Prevalence of sensing abnormalities in dual chamber implantable cardioverter defibrillators

Affiliations
Comparative Study

Prevalence of sensing abnormalities in dual chamber implantable cardioverter defibrillators

Mohammad Saeed et al. Ann Noninvasive Electrocardiol. 2003 Jul.

Abstract

Background: The clinical efficacy of ICD therapy depends on accurate sensing of intracardiac signals and sensing algorithms. We investigated the occurrence of sensing abnormalities in patients with dual chamber ICDs.

Methods: The study group consisted of all patients with dual chamber ICDs enrolled in the LESS trial and patients implanted with dual chamber ICDs at a single center between January 1997 and July 2000. Electrograms of spontaneous ventricular arrhythmias requiring device intervention were analyzed.
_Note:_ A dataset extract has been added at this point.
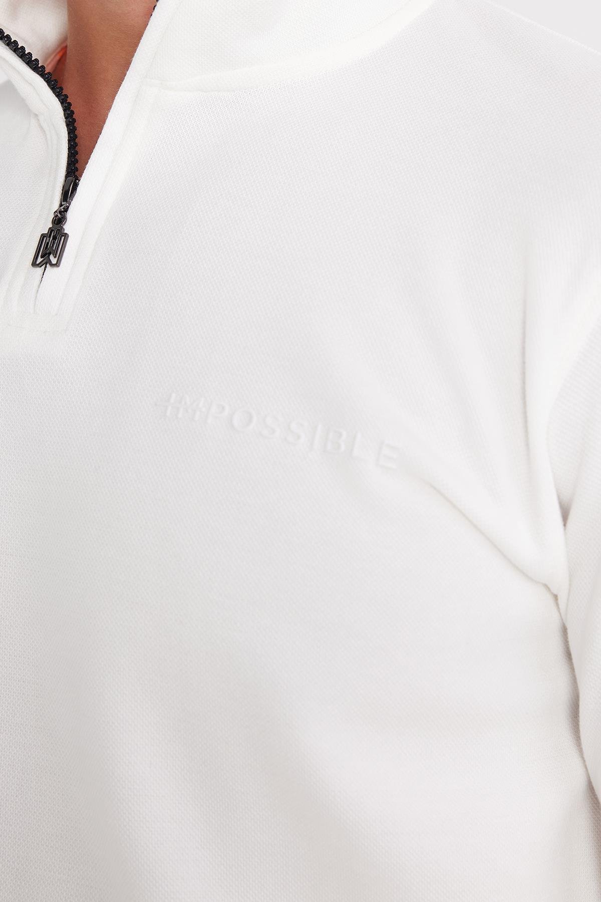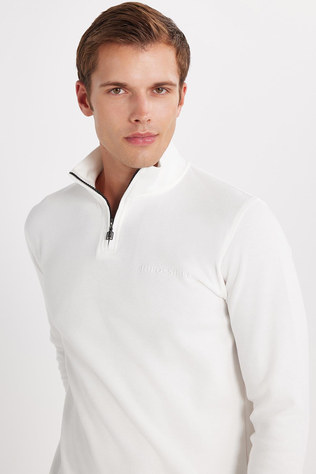 Erkek Slim Fit Dar Kesim Pamuklu Yarım Fermuarlı Dik Yaka Beyaz Sweatshirt

Results: A total of 48 patients met the criteria for enrollment. Among the 244 episodes, 215 (88%) were due to ventricular tachycardia and 29 (12%) were due to ventricular fibrillation. Overall undersensing was infrequent with 12 (20%) patients exhibiting on average 2.2 undersensed beats during 26 episodes of ventricular arrhythmias. There was no delay in therapy due to undersensing. Oversensing occurred in 5 (10%) patients resulting in 13 (2.7%) episodes of inappropriate therapy. None of the patients had any lead abnormalities and oversensing resolved after device reprogramming in 4 patients while 1 patient required a separate rate sensing lead. Among patients with oversensing, 4 out of 5 were pacing before the index event while among patients with no oversensing only 5 out of 42 were pacing (P<0.001).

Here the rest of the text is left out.